THE PROBLEM:
From the very first line of the data to the line containing "我们一家三代大法弟子祝贺法轮", retype everything exactly, leaving the pictures behind.
[[ INPUT DATA, beginning ]]
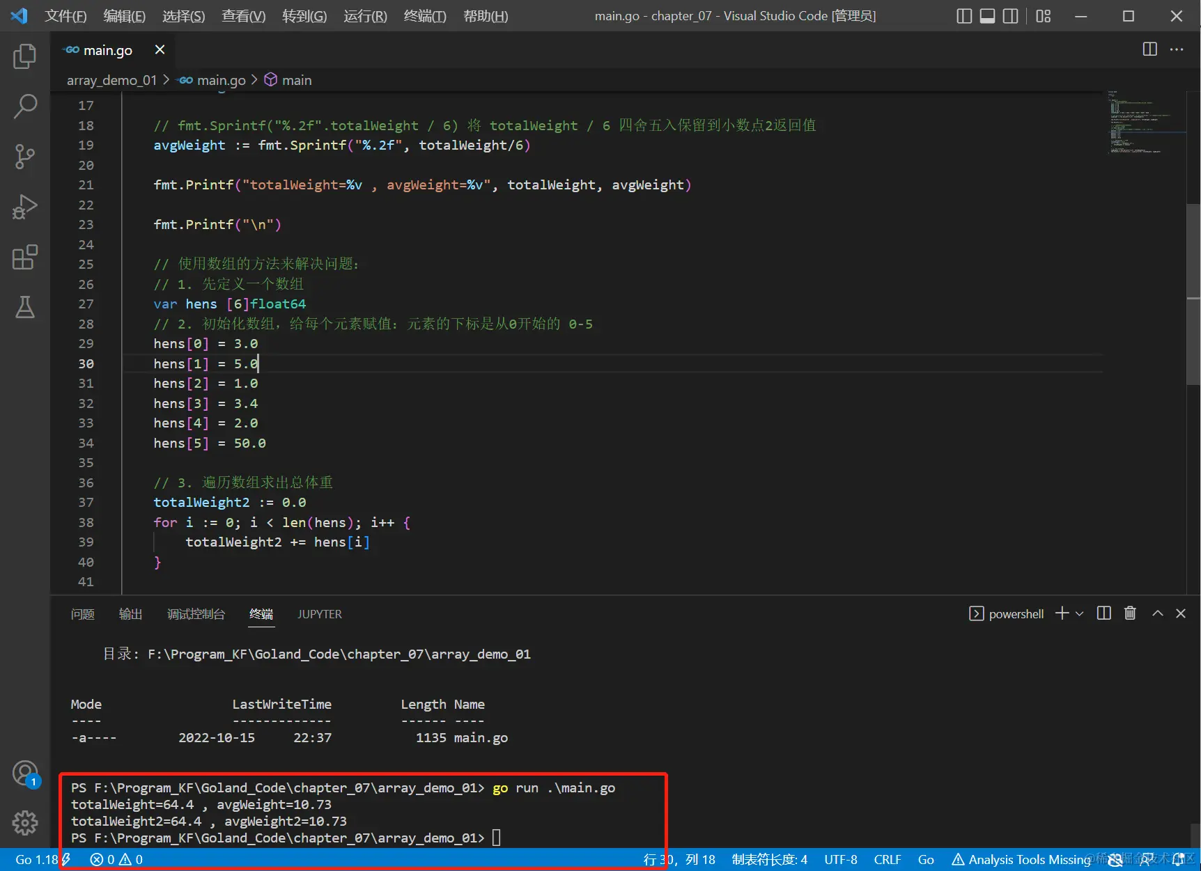 数组可以存放多个同一类型数据。数组也是一种数据类型,在Go中,数组是值类型。
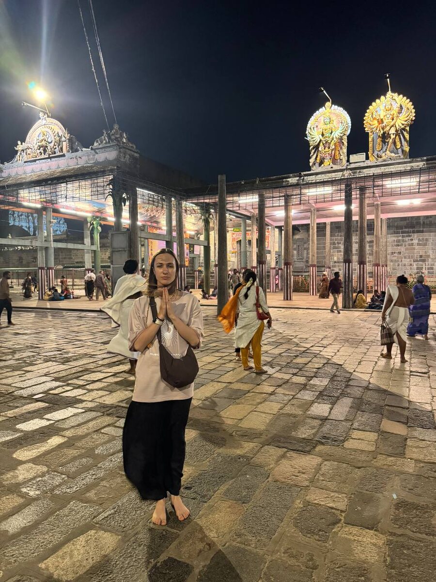 Чидамбарам — храм Шивы Натараджи Здесь Шива почитается как Натараджa, Владыка космического танца. Его танец — не образ, а язык Вселенной: рождение, сохранение, разрушение и освобождение происходят в одном ритме. Главная тайна храма — Чидамбарам Рахасьям. Рядом с образом Шивы — пустое пространство, скрытое занавесью. Это символ акаши, чистого пространства сознания. Напоминание о том, что Истина не всегда имеет форму — иногда она переживается как присутствие. Чидамбарам — один из Панча Бхута Стхалам, пяти храмов Шивы, связанных с первоэлементами. Здесь Шива — пространство, в котором возникает всё и в которое всё возвращается. Этот храм — не просто архитектура или ритуал. Это указание внутрь: тишина и движение — одно, танец и покой неразделимы, Шива — не где-то вовне, Он танцует в сердце того, кто смотрит. 🕉️ * Это мое второе посещение данного храма. Сегодня в вечернем свете он прекрасен.
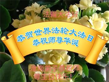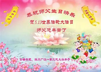 我们一家三代大法弟子祝贺法轮大法弘传世界三十周年暨第二十三届世界法轮大法日!恭祝师尊生日快乐!我们跟随师尊走过了风风雨雨,经历了很大的考验,无论多么千辛万苦,但我们从未动摇过对大法、对师尊的坚信。在辗转千百年后我们庆幸得到了这万古不遇的大法,懂得了来世的目地、生命的意义;知道了我们的历史使命。今后我们一定更加珍惜这来之不易的时光,学好法,坚定正念,修好自己,不被干扰,救度更多的众生。 安徽省马鞍山地区大法弟子恭祝师尊生日快乐!恭祝世界法轮大法日!
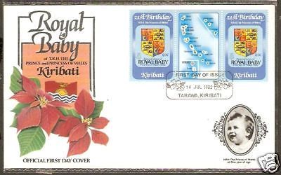 Kiribati 1982 Diana & Royal Baby Flower Map Gutter FDC # 594-3
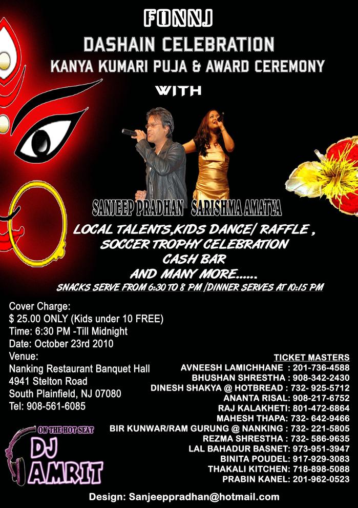 FONNJ Presents Dashain Celebration and Award Ceremony with Guest Artists Sanjeep Pradhan & Sarishma Amatya
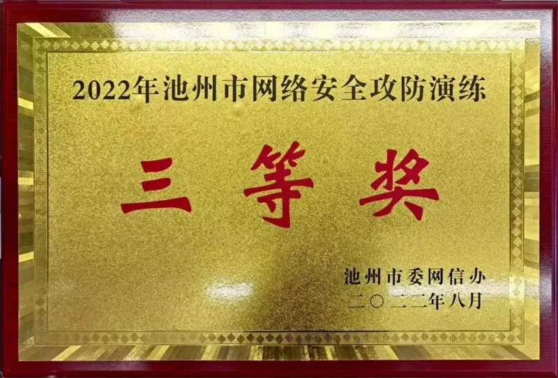 2022年8月12日,池州市网络安全攻防演练,英国上市公司官网365信安在“2022年池州市网络安全攻防演练”中,荣获三等奖。
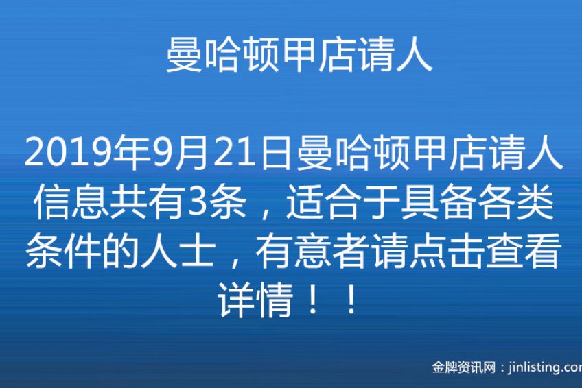Bronx甲店聘请熟手大工一名,法拉盛接送,车程25分钟。联系电话646-464-3705
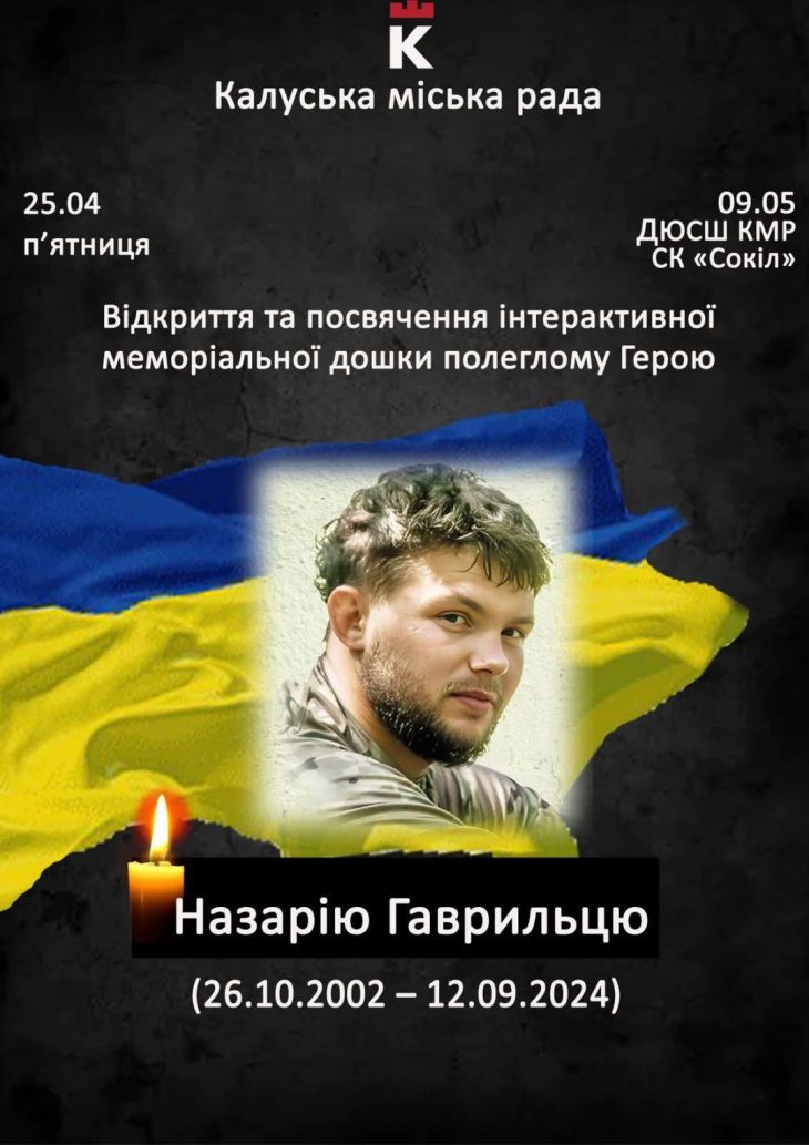 25 квітня в Калуші відкриють інтерактивну меморіальну дошку полеглому Герою Назарію Гаврильцю.
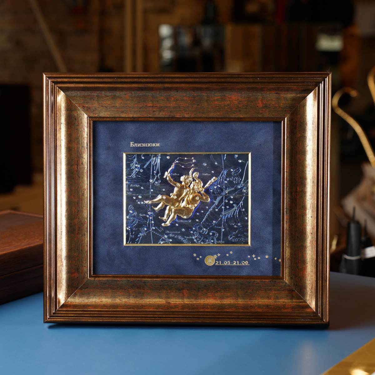 Декоративная картина "Знак зодиака Близнецы" (медь, позолота, эмали)
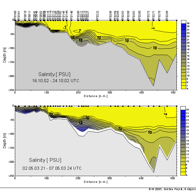 Triggered by these exceptional observations made at the measuring platforms, an ad-hoc expedition with the research vessel „Professor Albrecht Penck“ was performed from 24th until 26th by IOW in order to trace the actual spatial and temporal distribution of the water masses. The area under investigation covered the Baltic Sea between the Mecklenburg Bight and the Bornholm Basin. Focus was laid on hydrographical measurements accompanied by numerous oxygen determinations. The inflowing water had reached the Arkona Basin where it formed a 10 m thick saline layer at the bottom along a section through the centre of the basin. This water was well enriched with oxygen (around 8 ml/l).
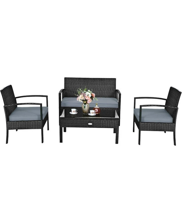 Gymax Set of 4 Rattan Furniture Set Cushioned Sofa Chair Coffee Table Patio
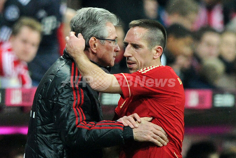 後半ロスタイムに選手交代でピッチを退き、ユップ・ハインケス(Jupp Heynckes、左)監督と抱き合うバイエルン・ミュンヘンのフランク・リベリ(Franck Ribery、2011年12月3日撮影)。(c)AFP/CHRISTOF STACHE
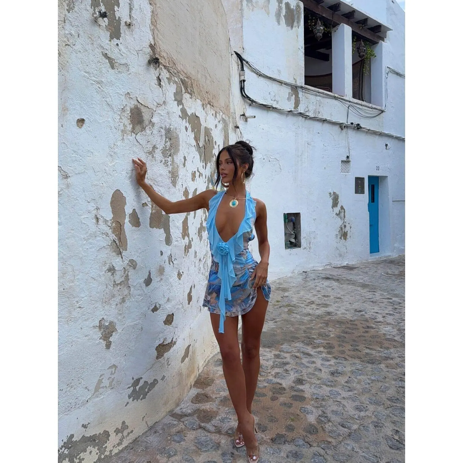 Get ready to captivate in the 'Dianna Mini Dress' in Siena, a sultry yet playful silhouette designed for your next summer escape.Crafted from printed mesh fabrication and fully lined for comfort, this mini dress features a statement plunge halter neckline adorned with cascading flounces, exuding effortless allure. A delicate mesh floral appliqué at the bodice adds a feminine touch, while the ruched hip seam and tiered flouncy skirt create movement with every step. The backless design is finished with neck and back tie closures, ensuring a flattering, adjustable fit.Style with strappy heels and dainty gold jewelry for a romantic evening look, or pair with sandals and a woven tote for the ultimate vacay vibe.
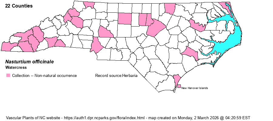 | Identification | Watercress has thick stems and many leaves. The leaves are sessile and are divided into 3-13 rounded leaflets (in pairs plus a terminal leaflet). The flowers are white, on stalks from axils or terminal. The pods are slender, somewhat curved, on skinny curved pedicels. Inexperienced people might confuse it with the native Cardamine pensylvanica, which also grows in seeps and springs, but that species has erect stems (vs. more ascending or spreading in Nasturtium) and the leaflets are usually narrower and less thick/fleshy. | |
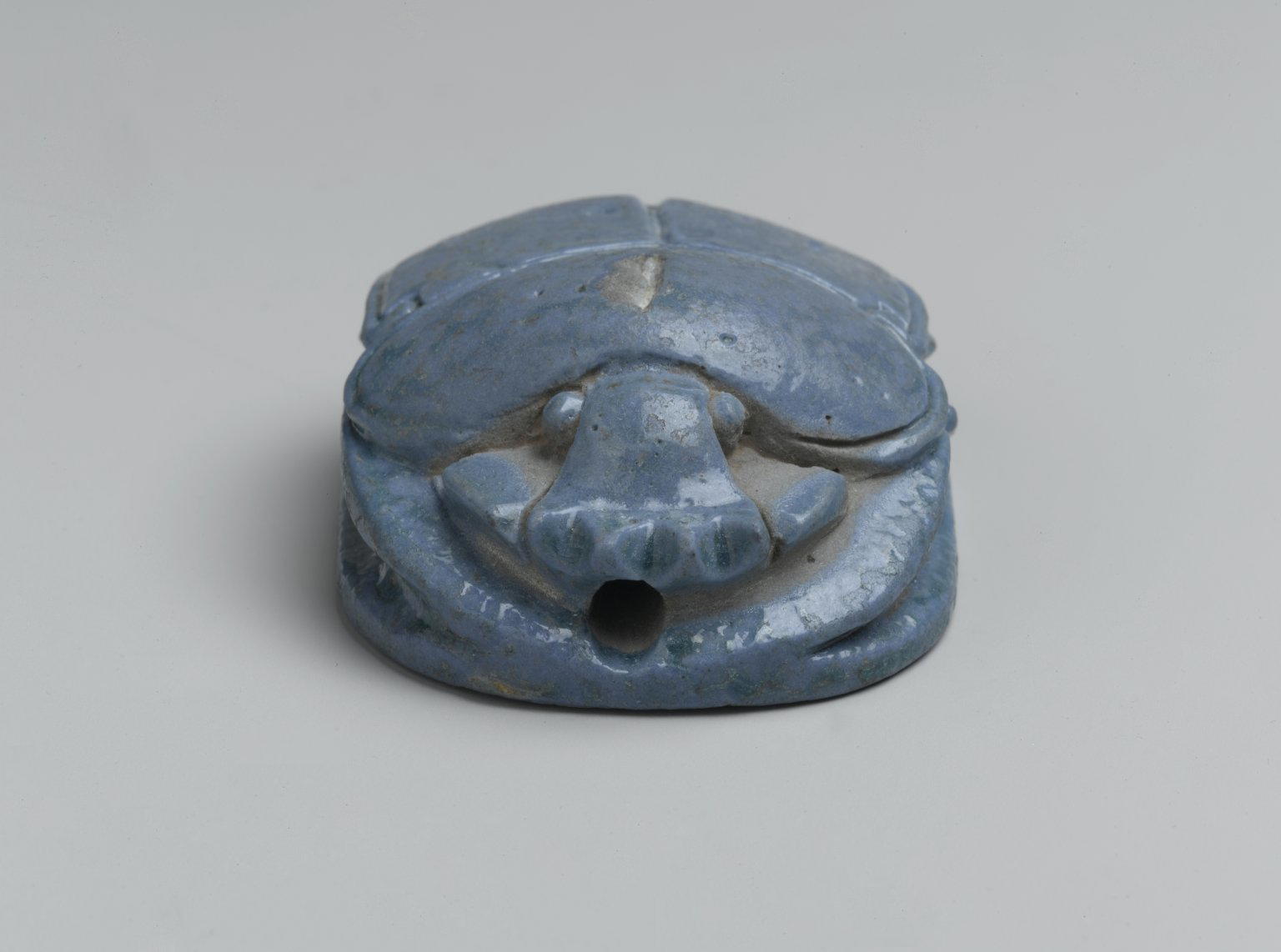 Scarabs represented, to the Egyptians, the cycle of the sun, rebirth, and the god Khepri. Just as scarabs rolled balls of dung filled with their eggs around the desert, the Egyptians believed that a similar beetle rolled the sun in the sky. Because of this symbolism, sculptures of scarab beetles became very popular for seals and inscriptions. This one commemorates the marriage of King Amunhotep III and Queen Tiye.
[[ INPUT DATA, end ]]
RESULT BELOW:
 数组可以存放多个同一类型数据。数组也是一种数据类型,在Go中,数组是值类型。
 Чидамбарам — храм Шивы Натараджи Здесь Шива почитается как Натараджa, Владыка космического танца. Его танец — не образ, а язык Вселенной: рождение, сохранение, разрушение и освобождение происходят в одном ритме. Главная тайна храма — Чидамбарам Рахасьям. Рядом с образом Шивы — пустое пространство, скрытое занавесью. Это символ акаши, чистого пространства сознания. Напоминание о том, что Истина не всегда имеет форму — иногда она переживается как присутствие. Чидамбарам — один из Панча Бхута Стхалам, пяти храмов Шивы, связанных с первоэлементами. Здесь Шива — пространство, в котором возникает всё и в которое всё возвращается. Этот храм — не просто архитектура или ритуал. Это указание внутрь: тишина и движение — одно, танец и покой неразделимы, Шива — не где-то вовне, Он танцует в сердце того, кто смотрит. 🕉️ * Это мое второе посещение данного храма. Сегодня в вечернем свете он прекрасен.
 我们一家三代大法弟子祝贺法轮大法弘传世界三十周年暨第二十三届世界法轮大法日!恭祝师尊生日快乐!我们跟随师尊走过了风风雨雨,经历了很大的考验,无论多么千辛万苦,但我们从未动摇过对大法、对师尊的坚信。在辗转千百年后我们庆幸得到了这万古不遇的大法,懂得了来世的目地、生命的意义;知道了我们的历史使命。今后我们一定更加珍惜这来之不易的时光,学好法,坚定正念,修好自己,不被干扰,救度更多的众生。 安徽省马鞍山地区大法弟子恭祝师尊生日快乐!恭祝世界法轮大法日!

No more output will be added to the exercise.